Similarly, in complex underwater scenes involving drones and coral reefs, Goku demonstrates superior temporal stability—meaning the background doesn’t flicker or morph weirdly as the camera moves.

Figure 6| Qualitative comparisons with state-of-the-art (SoTA) video generation models. This figure showcases comparisons with leading models…

Ablation: Do Size and Joint Training Matter?

The researchers conducted “ablation studies” to verify their design choices.
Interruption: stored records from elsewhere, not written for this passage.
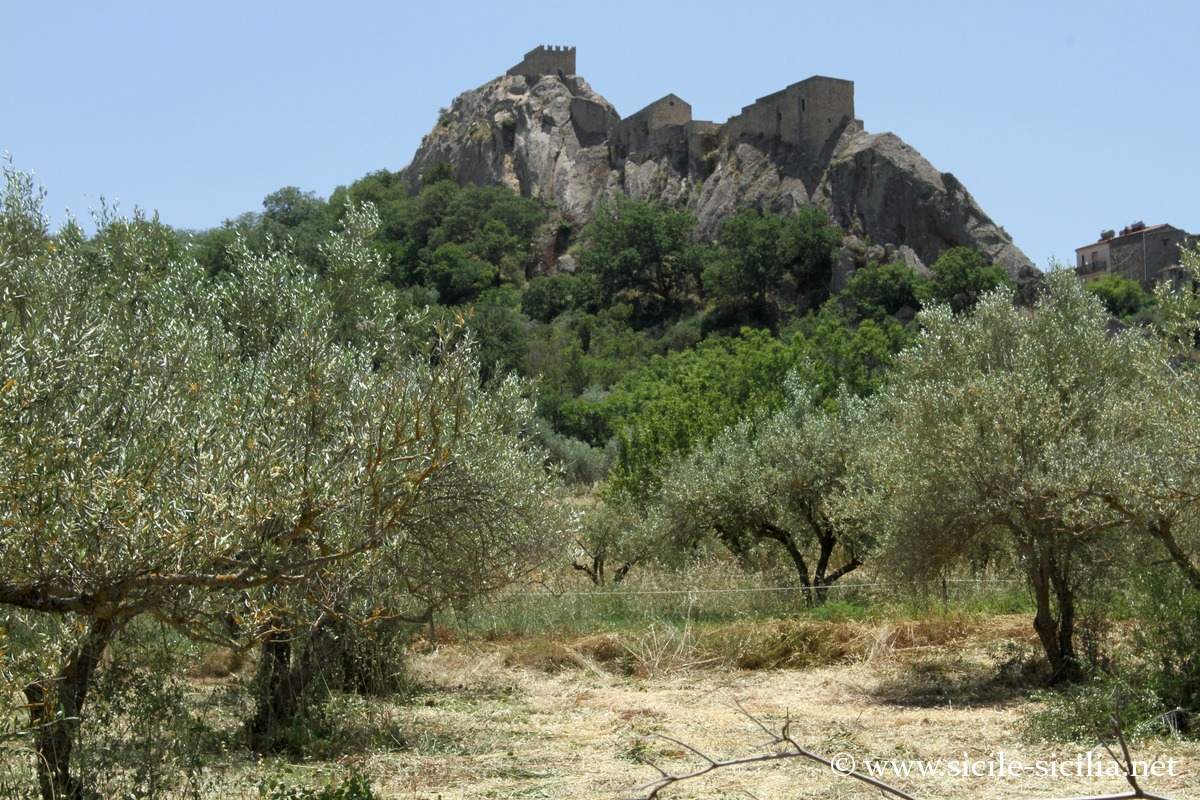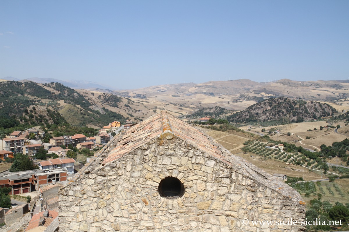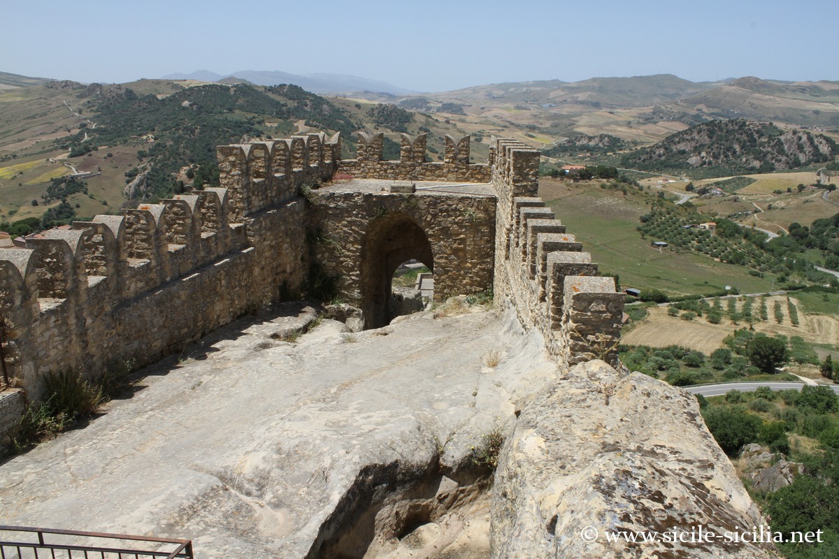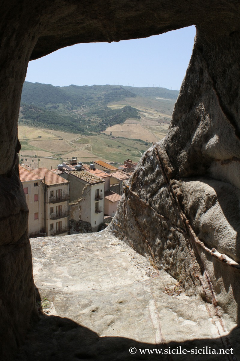 Des escaliers raides taillés dans la roche mènent à la tour, avec sa terrasse protégée de créneaux médiévaux, de laquelle on profite de belles vues sur les environs, des chaînes des Nébrodes et des Madonies.
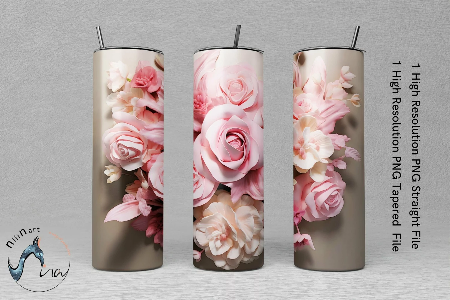 3D Pink and White Floral Skinny Tumbler Wrap Sublimation PNG example image 1
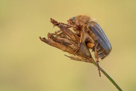 may beetle, an insect with the Latin name Melolontha, sits on a yellow cloth, macro
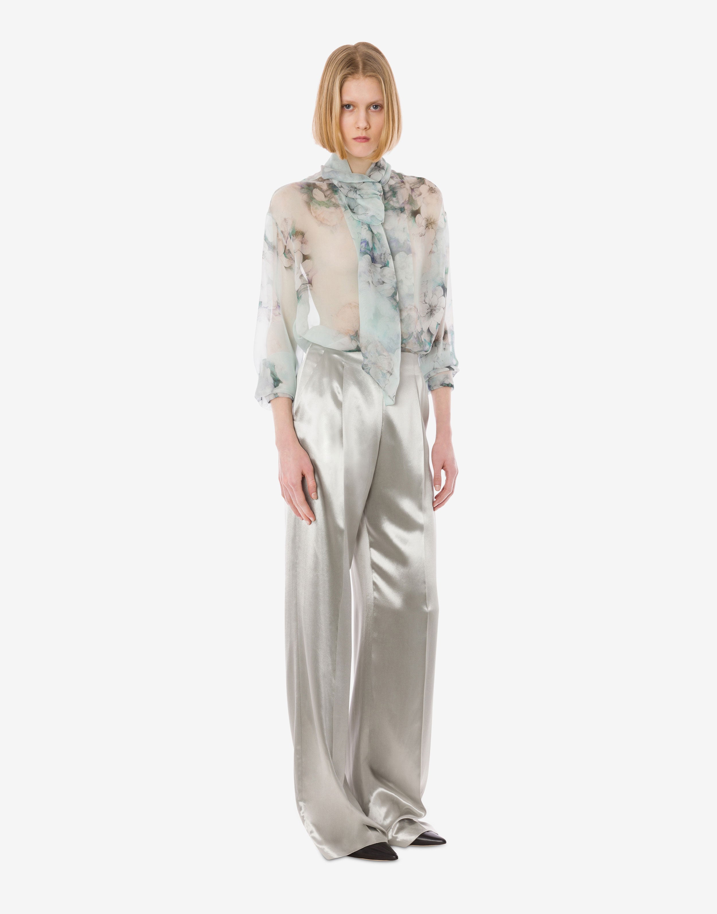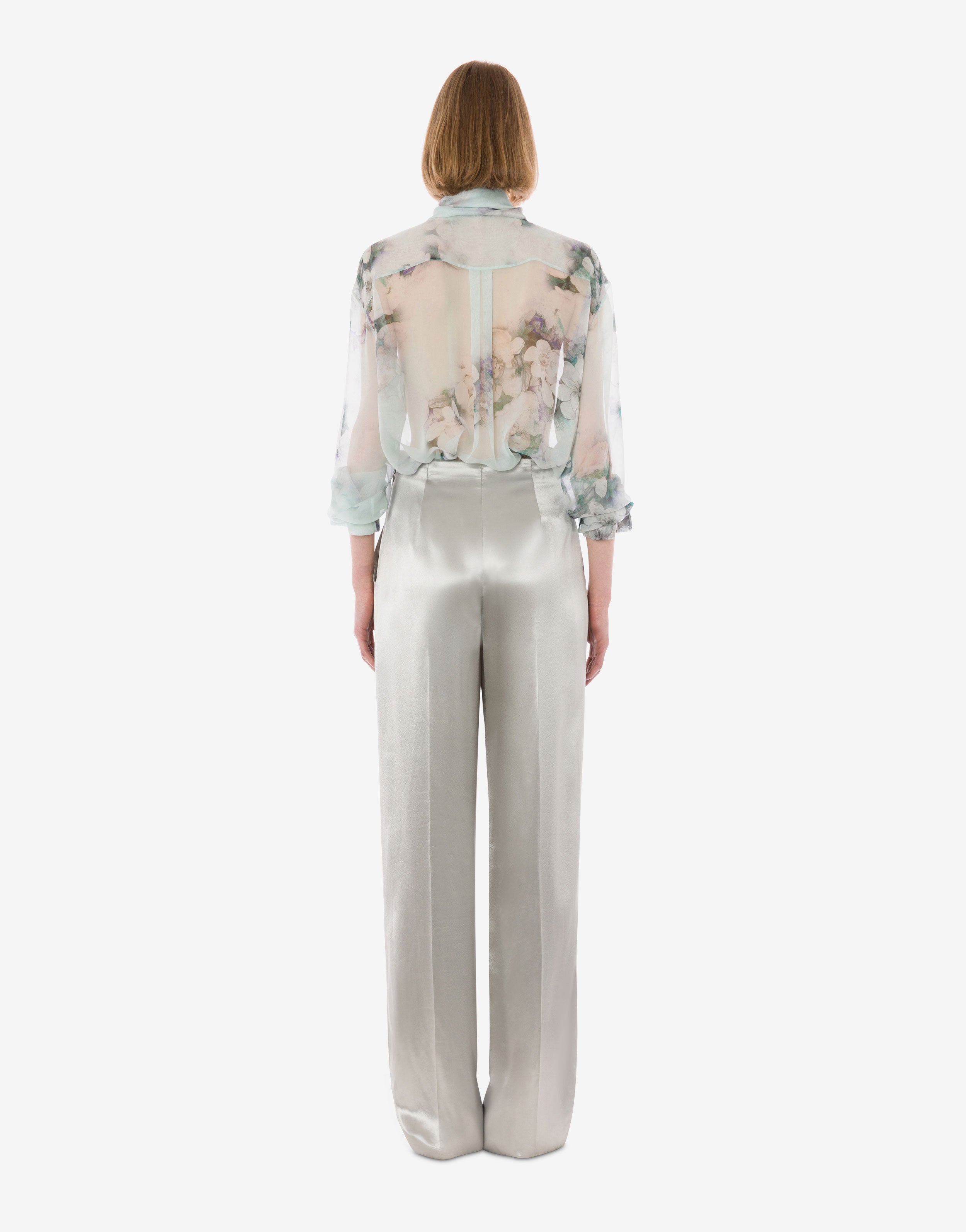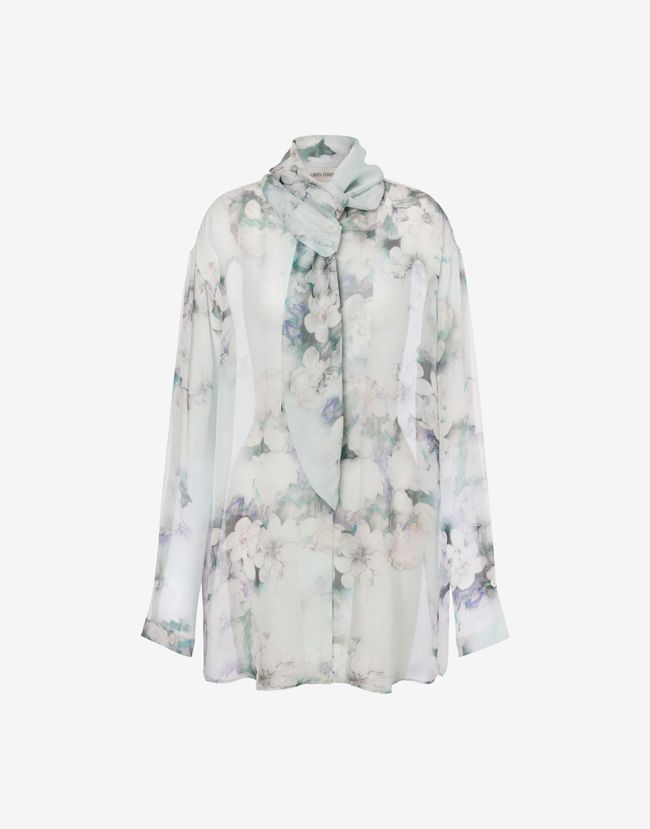 Il chiffon conferisce a questa camicia una qualità velata e ariosa, permettendo al motivo floreale in una palette di tonalità ghiaccio di tracciare dolcemente sulla pelle. Il tessuto extra sulla scollatura aggiunge movimento e può essere annodato elegantemente a cravatta o lasciato drappeggiare lungo la silhouette.

  1. Scaling: They compared a 2B parameter model vs. an 8B model. The 8B model showed significantly better structural integrity (limbs didn’t disappear, objects stayed solid).
  2. Joint Training: They tested training on video only versus video + images. The joint training approach produced much higher photorealism, as the high-quality image data helped “teach” the video model about textures and lighting.

Figure 5|Ablation Studies of Model Scaling and Joint Training. Fig. (a) shows the comparison between Goku-T2V(2B) and Goku-T2V(8B). Fig. (b) shows the comparison between whether joint training is adopted or not.

Beyond Text-to-Video: Image-to-Video Animation

A crucial feature for creative professionals is Image-to-Video (I2V)—taking a static image and animating it based on a prompt.

Goku adapts to this by treating the input image as the first frame of the video latent sequence. Because the model was trained jointly on images and video, it naturally understands how to extend a static frame into time.

The results are impressive. Whether it is animating a splash of water or a pirate ship sailing inside a coffee cup, the model respects the initial image’s content while adding plausible motion.

Figure 12| Qualitative samples of Goku-I2V. Key words are highlighted in RED.

Conclusion

Goku represents a significant step forward in generative media. It moves beyond the trial-and-error phase of early video generation into a more rigorous, engineered approach. By combining the theoretical efficiency of Rectified Flow with the practical robustness of Joint Image-Video Training, it solves several key problems in the field:

  1. Convergence Speed: Flow matching learns faster than diffusion.
  2. Coherence: Joint training ensures high fidelity in individual frames and smooth transitions across time.
  3. Scale: The infrastructure supports training massive 8B parameter models on high-resolution data.

For students and researchers, Goku offers a blueprint for the next generation of foundation models: don’t just add more data; fix the underlying mathematical formulation (Flow vs. Diffusion) and unify the modalities (Image + Video) for a smarter, more efficient learner.